**TASK REQUIREMENTS**
Reproduce the listing that follows word for word, without its pictures.

[AVAILABLE DATA Boundary: Start]

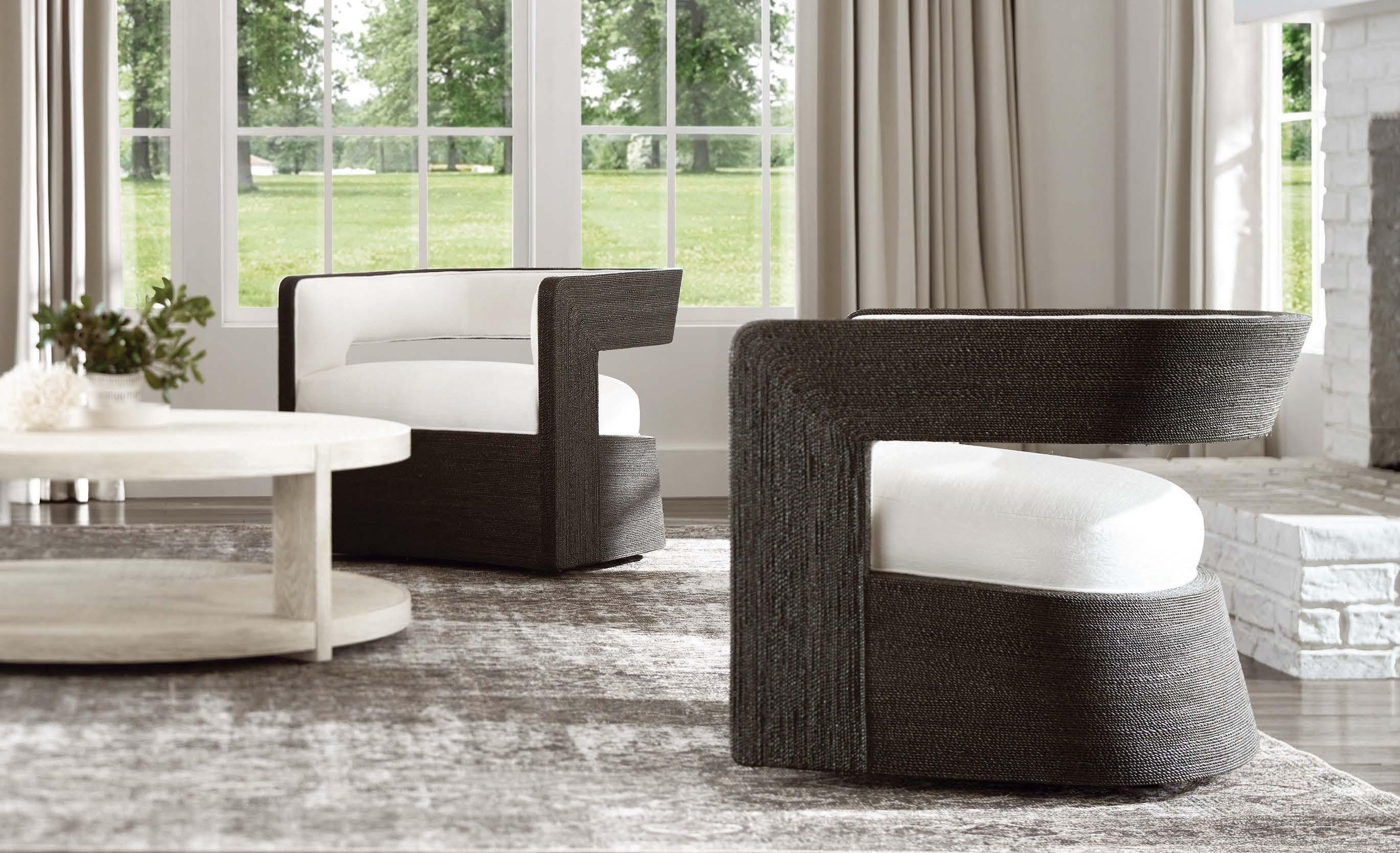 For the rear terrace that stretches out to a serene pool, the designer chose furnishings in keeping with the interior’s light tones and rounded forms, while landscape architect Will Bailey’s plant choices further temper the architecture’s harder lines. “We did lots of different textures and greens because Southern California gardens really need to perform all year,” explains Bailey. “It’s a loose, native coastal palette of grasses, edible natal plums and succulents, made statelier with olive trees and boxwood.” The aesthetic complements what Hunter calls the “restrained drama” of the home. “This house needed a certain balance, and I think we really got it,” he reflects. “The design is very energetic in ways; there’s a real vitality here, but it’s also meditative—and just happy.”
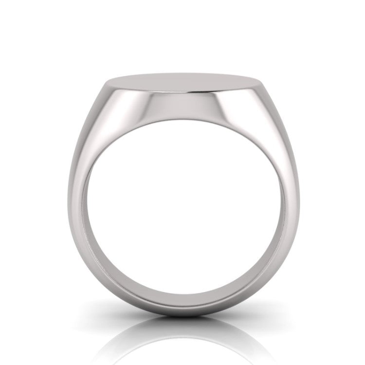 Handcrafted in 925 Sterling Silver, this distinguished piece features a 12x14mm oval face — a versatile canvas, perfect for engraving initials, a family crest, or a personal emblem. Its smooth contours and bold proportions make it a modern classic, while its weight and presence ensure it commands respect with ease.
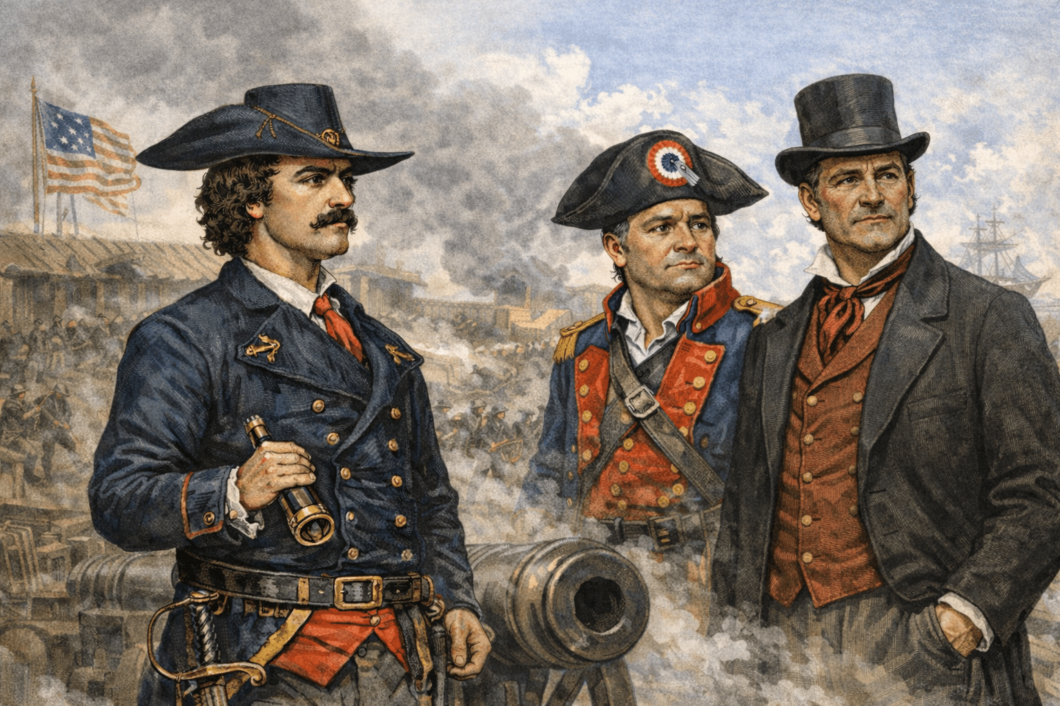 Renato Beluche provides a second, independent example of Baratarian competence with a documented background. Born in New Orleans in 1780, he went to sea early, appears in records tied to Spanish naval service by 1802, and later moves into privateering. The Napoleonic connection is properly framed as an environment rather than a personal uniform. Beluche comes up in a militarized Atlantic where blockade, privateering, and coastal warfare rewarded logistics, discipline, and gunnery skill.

[AVAILABLE DATA Boundary: End]

**RESULT**
 For the rear terrace that stretches out to a serene pool, the designer chose furnishings in keeping with the interior’s light tones and rounded forms, while landscape architect Will Bailey’s plant choices further temper the architecture’s harder lines. “We did lots of different textures and greens because Southern California gardens really need to perform all year,” explains Bailey. “It’s a loose, native coastal palette of grasses, edible natal plums and succulents, made statelier with olive trees and boxwood.” The aesthetic complements what Hunter calls the “restrained drama” of the home. “This house needed a certain balance, and I think we really got it,” he reflects. “The design is very energetic in ways; there’s a real vitality here, but it’s also meditative—and just happy.”
 Handcrafted in 925 Sterling Silver, this distinguished piece features a 12x14mm oval face — a versatile canvas, perfect for engraving initials, a family crest, or a personal emblem. Its smooth contours and bold proportions make it a modern classic, while its weight and presence ensure it commands respect with ease.
 Renato Beluche provides a second, independent example of Baratarian competence with a documented background. Born in New Orleans in 1780, he went to sea early, appears in records tied to Spanish naval service by 1802, and later moves into privateering. The Napoleonic connection is properly framed as an environment rather than a personal uniform. Beluche comes up in a militarized Atlantic where blockade, privateering, and coastal warfare rewarded logistics, discipline, and gunnery skill.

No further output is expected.